At first glance, this seems dangerous since it's handing 'line' to
regexec() without paying attention to 'linelen'. For an arbitrary
regex, this could result in erroneous matches on subsequent "lines",
however, since this expression is anchored with '^', it's not a
problem. But, it is a bit subtle.

I wonder if hand-coding, rather than using a regex, could be an improvement:

    static int is_mboxrd_from(const char *s, size_t n)
    {
        size_t f = strlen("From ");
        const char *t = s + n;

        while (s < t && *s == '>')
            s++;
        return t - s >= f && !memcmp(s, "From ", f);
    }

    ...
    if (is_mboxrd_from(line, linelen)
        strbuf_addch(sb, '>');

or something.

> +
>                         strbuf_add(sb, line, linelen);
> +               }
>                 strbuf_addch(sb, '\n');
>         }
>  }
> diff --git a/t/t4014-format-patch.sh b/t/t4014-format-patch.sh
> @@ -1565,4 +1565,31 @@ test_expect_success 'format-patch --base overrides format.useAutoBase' '
> +test_expect_success 'format-patch --pretty=mboxrd' '
> +       cat >msg <<-INPUT_END &&

Maybe use <<-\INPUT_END to indicate that no variable interpolation is
expected. Ditto below.

> +       mboxrd should escape the body
> +
> +       From could trip up a loose mbox parser
> +       >From extra escape for reversibility
> +       >>From extra escape for reversibility 2
> +       from lower case not escaped
> +       Fromm bad speling not escaped
> +        From with leading space not escaped
> +       INPUT_END
> +
> +       cat >expect <<-INPUT_END &&
> +       >From could trip up a loose mbox parser
> +       >>From extra escape for reversibility
> +       >>>From extra escape for reversibility 2
> +       from lower case not escaped
> +       Fromm bad speling not escaped
> +        From with leading space not escaped
> +       INPUT_END
> +
> +       C=$(git commit-tree HEAD^^{tree} -p HEAD <msg) &&
> +       git format-patch --pretty=mboxrd --stdout -1 $C~1..$C >patch &&
> +       grep -A5 "^>From could trip up a loose mbox parser" patch >actual &&

Hmm, -A is not POSIX and is otherwise not used in Git tests. Perhaps
you could use 'git grep --no-index -A' instead or something?
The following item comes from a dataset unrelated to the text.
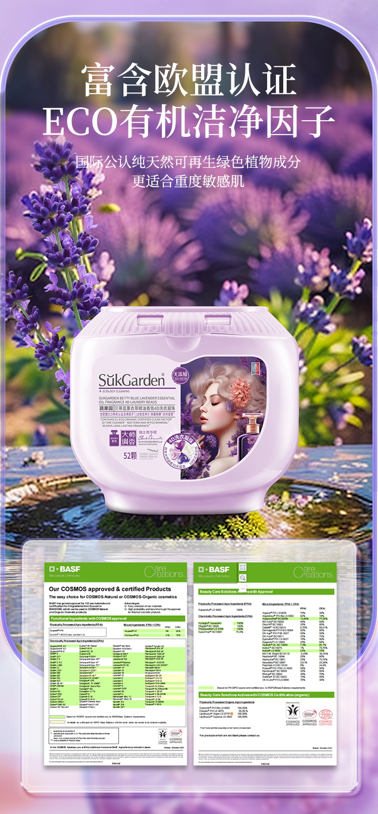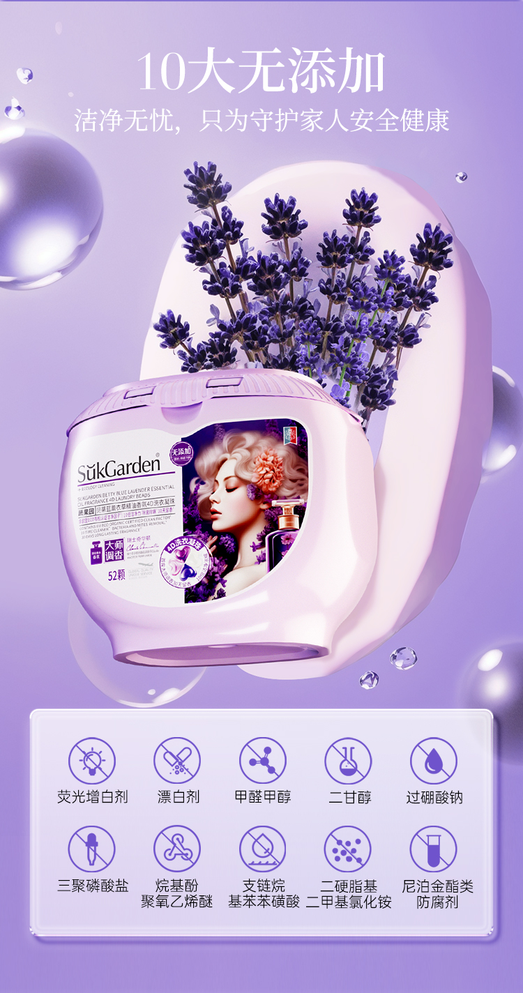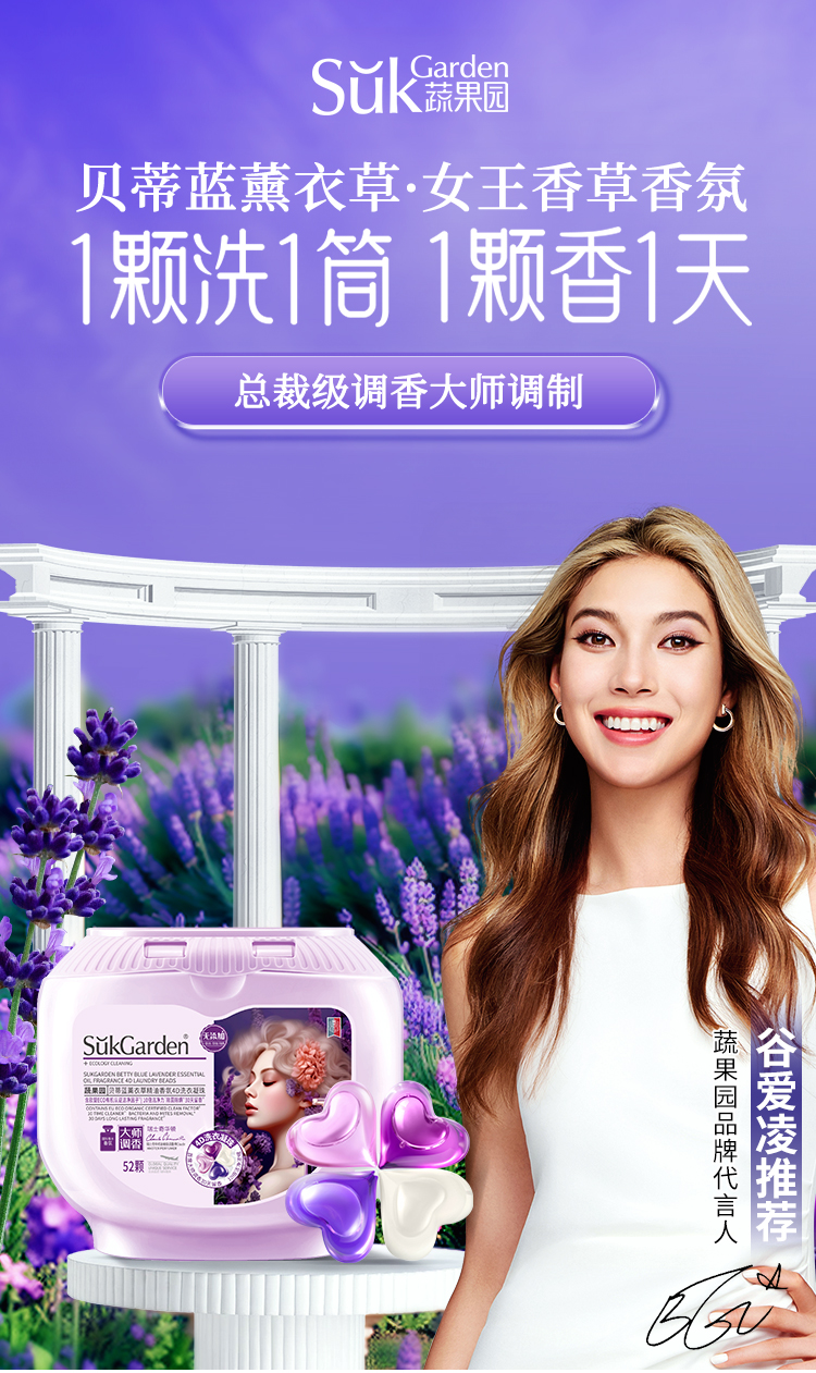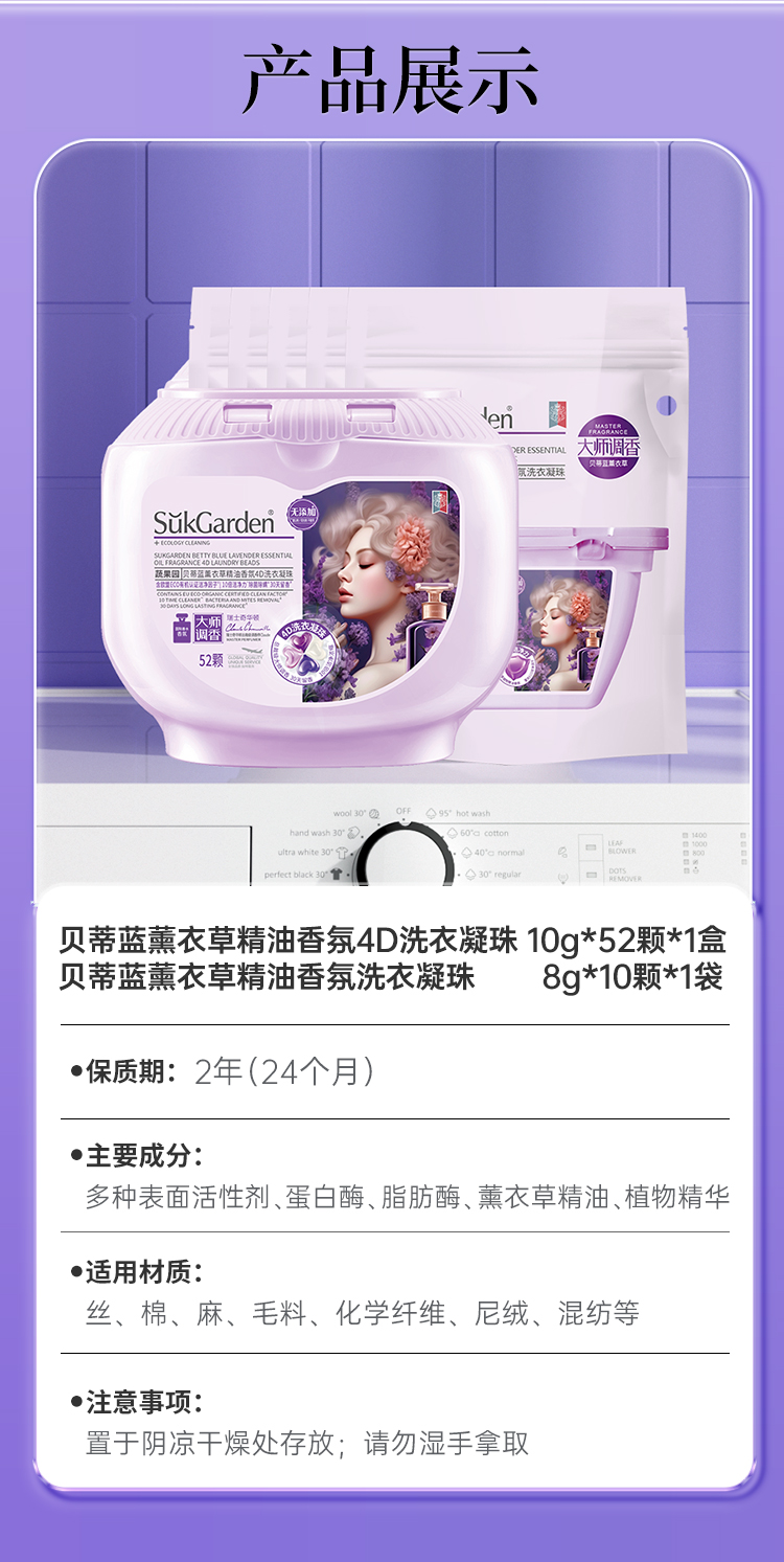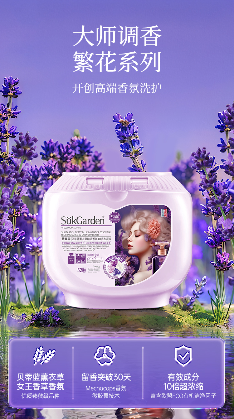 蔬果园贝蒂蓝薰衣草香氛4D洗衣凝珠(浓缩强效型)-10g*52颗*1盒+蔬果园贝蒂蓝薰衣草香水洗衣凝珠-8g*10颗(袋装)*5袋

> +       test_cmp expect actual
> +'
> +
>  test_done

^ permalink raw reply	[flat|nested] 18+ messages in thread

* Re: [PATCH 1/3] pretty: support "mboxrd" output format
  2016-05-31  3:40   ` Eric Sunshine
@ 2016-05-31  7:45     ` Eric Wong
  2016-05-31 18:10       ` Eric Sunshine
  0 siblings, 1 reply; 18+ messages in thread
From: Eric Wong @ 2016-05-31  7:45 UTC (permalink / raw)
  To: Eric Sunshine; +Cc: Git List

Eric Sunshine <sunshine@sunshineco.com> wrote:
> On Mon, May 30, 2016 at 7:21 PM, Eric Wong <e@80x24.org> wrote:
> > diff --git a/pretty.c b/pretty.c
> > @@ -1697,12 +1699,34 @@ static void pp_handle_indent(struct pretty_print_context *pp,
> > +static regex_t *mboxrd_prepare(void)
> > +{
> > +       static regex_t preg;
> > +       const char re[] = "^>*From ";
> > +       int err = regcomp(&preg, re, REG_NOSUB | REG_EXTENDED);
> > +[...]
> > +       return &preg;
> > +}
> > +
> >  void pp_remainder(struct pretty_print_context *pp,
> >                   const char **msg_p,
> >                   struct strbuf *sb,
> >                   int indent)
> >  {
> > +       static regex_t *mboxrd_from;
> > +
> > +       if (pp->fmt == CMIT_FMT_MBOXRD && !mboxrd_from)
> > +               mboxrd_from = mboxrd_prepare();
> > +
> > @@ -1725,8 +1749,13 @@ void pp_remainder(struct pretty_print_context *pp,
> >                 else if (pp->expand_tabs_in_log)
> >                         strbuf_add_tabexpand(sb, pp->expand_tabs_in_log,
> >                                              line, linelen);
> > -               else
> > +               else {
> > +                       if (pp->fmt == CMIT_FMT_MBOXRD &&
> > +                                       !regexec(mboxrd_from, line, 0, 0, 0))
> > +                               strbuf_addch(sb, '>');
> 
> At first glance, this seems dangerous since it's handing 'line' to
> regexec() without paying attention to 'linelen'. For an arbitrary
> regex, this could result in erroneous matches on subsequent "lines",
> however, since this expression is anchored with '^', it's not a
> problem. But, it is a bit subtle.

Maybe having more context of the pp_remainder function and
seeing the get_one_line call would've helped in the diff;
I didn't think of this issue once I figured out where to
place the change.

On the other hand, not being too familiar with git C APIs, I was
more worried strbuf was not NUL-terminated for regexec, but it
seems to be.

> I wonder if hand-coding, rather than using a regex, could be an improvement:
> 
>     static int is_mboxrd_from(const char *s, size_t n)
>     {
>         size_t f = strlen("From ");
>         const char *t = s + n;
> 
>         while (s < t && *s == '>')
>             s++;
>         return t - s >= f && !memcmp(s, "From ", f);
>     }
> 
> or something.

Yikes.  I mostly work in high-level languages and do my best to
avoid string parsing in C; so that scares me.  A lot.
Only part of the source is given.